Segment Start: Provided records

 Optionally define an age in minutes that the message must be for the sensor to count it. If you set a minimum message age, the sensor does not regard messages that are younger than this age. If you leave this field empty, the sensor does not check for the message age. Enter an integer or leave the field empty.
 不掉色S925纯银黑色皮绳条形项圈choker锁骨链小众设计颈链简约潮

Segment End: Provided records
Segment Start: Provided records

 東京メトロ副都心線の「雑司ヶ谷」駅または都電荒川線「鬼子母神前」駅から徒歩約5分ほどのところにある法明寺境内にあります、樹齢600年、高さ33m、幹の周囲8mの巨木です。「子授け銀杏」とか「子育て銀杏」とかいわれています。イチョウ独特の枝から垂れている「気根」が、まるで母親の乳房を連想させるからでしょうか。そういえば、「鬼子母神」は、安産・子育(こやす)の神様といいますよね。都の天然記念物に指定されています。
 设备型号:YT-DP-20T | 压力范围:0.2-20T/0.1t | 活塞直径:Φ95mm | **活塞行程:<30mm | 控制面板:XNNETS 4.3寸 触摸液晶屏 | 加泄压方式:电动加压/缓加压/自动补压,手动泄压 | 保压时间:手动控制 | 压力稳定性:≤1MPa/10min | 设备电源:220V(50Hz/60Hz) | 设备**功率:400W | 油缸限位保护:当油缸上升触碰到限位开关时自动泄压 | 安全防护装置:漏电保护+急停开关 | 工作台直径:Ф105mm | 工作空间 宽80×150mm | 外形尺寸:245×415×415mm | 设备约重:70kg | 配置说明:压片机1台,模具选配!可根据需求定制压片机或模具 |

Segment End: Provided records

Work instructions
In the data above, which lines lie between the line with "Optionally define an" and the line with "不掉色S925纯银黑色皮绳条形项圈choker锁骨链小众设计颈链简约潮", inclusive? Print those lines exactly and nothing else.

Answer box
 Optionally define an age in minutes that the message must be for the sensor to count it. If you set a minimum message age, the sensor does not regard messages that are younger than this age. If you leave this field empty, the sensor does not check for the message age. Enter an integer or leave the field empty.
 不掉色S925纯银黑色皮绳条形项圈choker锁骨链小众设计颈链简约潮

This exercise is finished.